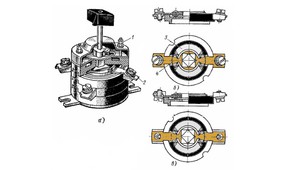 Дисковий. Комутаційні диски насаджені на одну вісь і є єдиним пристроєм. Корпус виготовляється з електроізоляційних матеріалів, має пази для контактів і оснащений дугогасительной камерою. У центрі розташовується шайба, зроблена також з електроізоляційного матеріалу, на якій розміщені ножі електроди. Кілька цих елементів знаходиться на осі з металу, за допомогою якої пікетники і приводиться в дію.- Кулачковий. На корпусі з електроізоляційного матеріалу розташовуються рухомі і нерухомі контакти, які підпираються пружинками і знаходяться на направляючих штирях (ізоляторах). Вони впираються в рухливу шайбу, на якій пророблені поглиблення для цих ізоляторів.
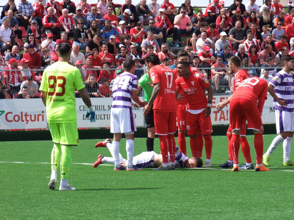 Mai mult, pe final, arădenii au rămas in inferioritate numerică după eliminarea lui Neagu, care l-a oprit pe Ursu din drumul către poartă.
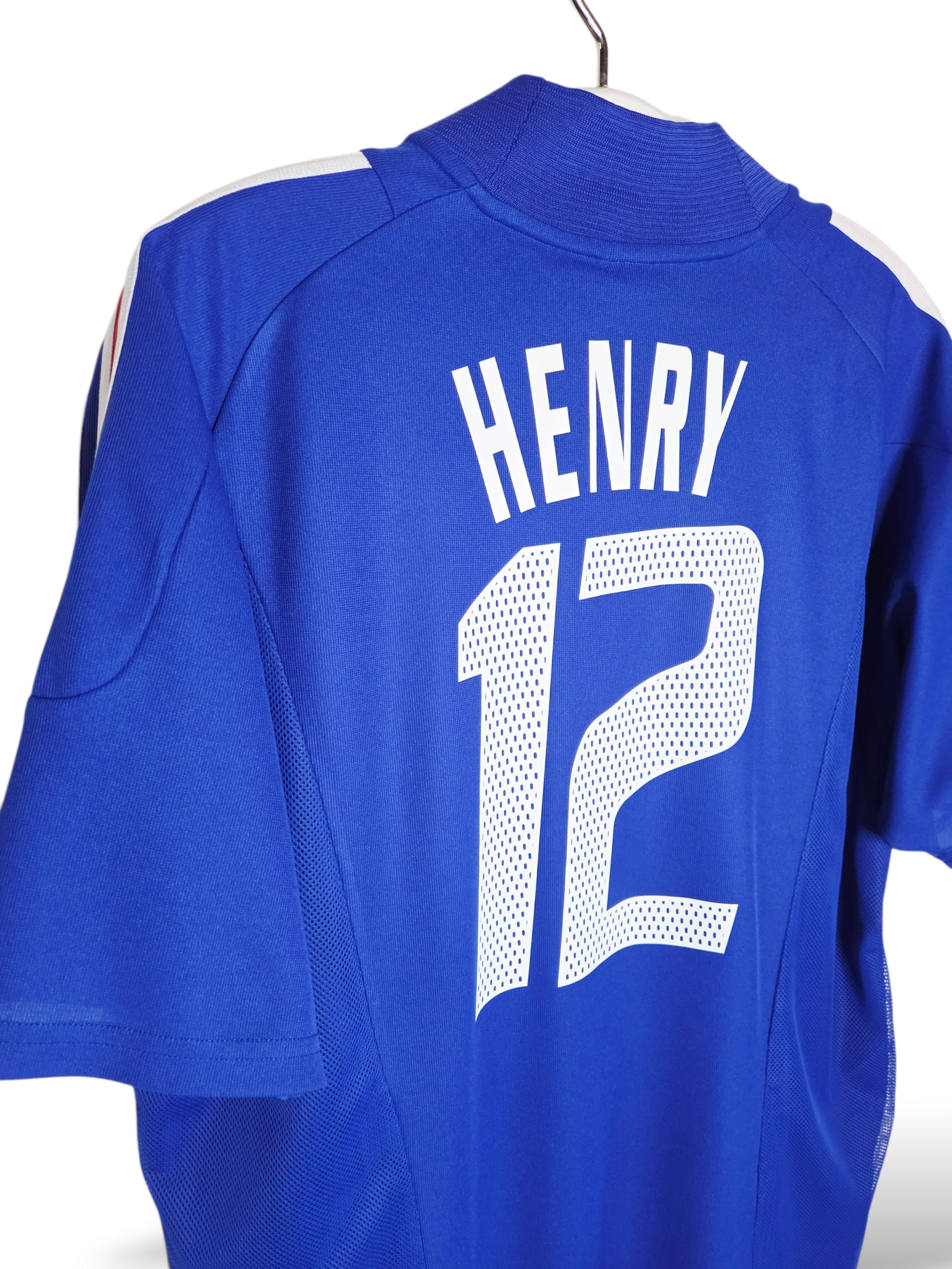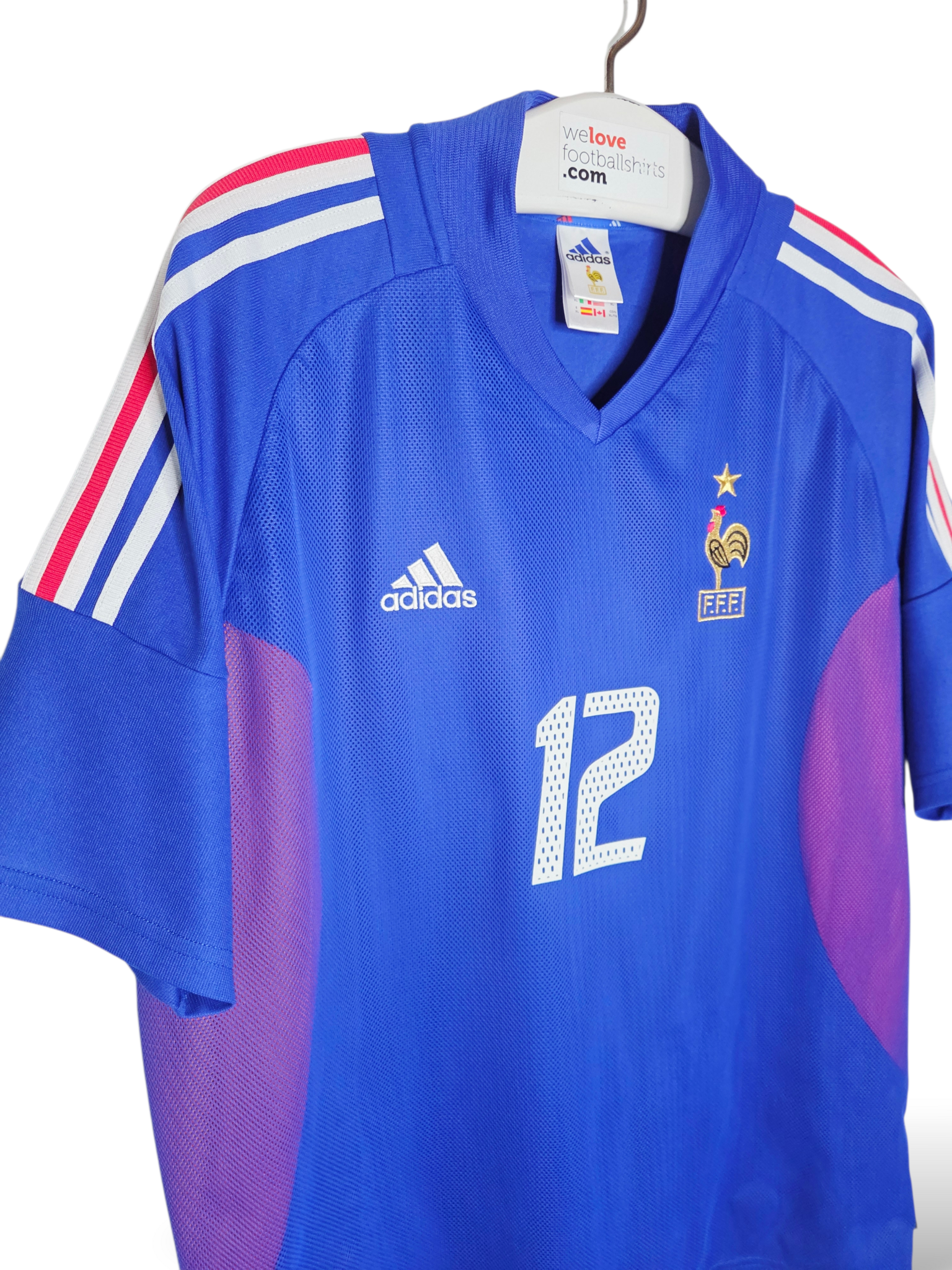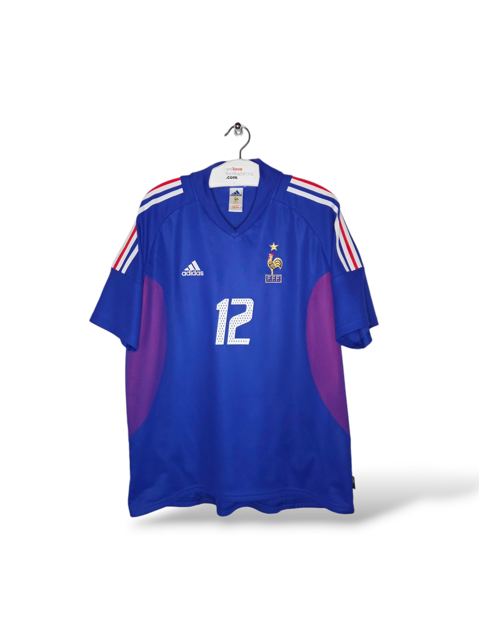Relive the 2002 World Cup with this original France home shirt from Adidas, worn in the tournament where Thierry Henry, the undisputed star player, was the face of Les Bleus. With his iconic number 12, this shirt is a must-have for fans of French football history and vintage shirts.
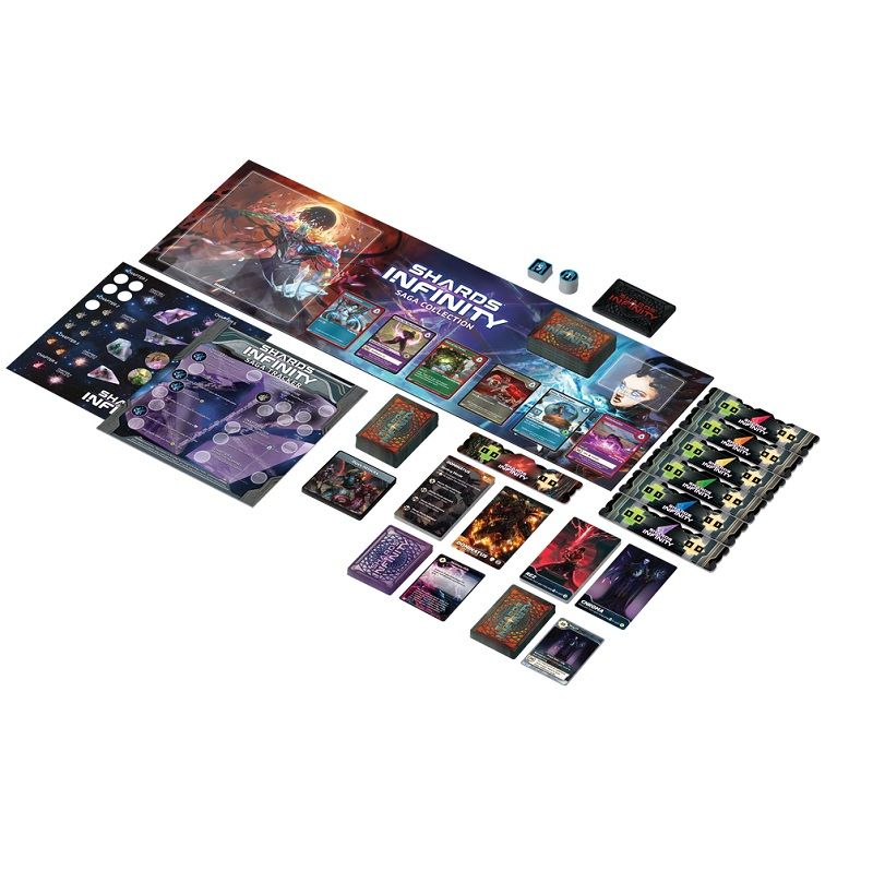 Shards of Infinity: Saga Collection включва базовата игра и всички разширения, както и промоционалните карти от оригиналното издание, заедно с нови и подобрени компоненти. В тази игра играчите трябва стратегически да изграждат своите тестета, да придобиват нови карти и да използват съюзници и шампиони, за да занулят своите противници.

→ AIM OF THE TASK
Your task is to repeat, word for word and with no picture, every line from the one that contains "Relive the 2002" through the last line of the data.

→ YOUR RESPONSE
Relive the 2002 World Cup with this original France home shirt from Adidas, worn in the tournament where Thierry Henry, the undisputed star player, was the face of Les Bleus. With his iconic number 12, this shirt is a must-have for fans of French football history and vintage shirts.
 Shards of Infinity: Saga Collection включва базовата игра и всички разширения, както и промоционалните карти от оригиналното издание, заедно с нови и подобрени компоненти. В тази игра играчите трябва стратегически да изграждат своите тестета, да придобиват нови карти и да използват съюзници и шампиони, за да занулят своите противници.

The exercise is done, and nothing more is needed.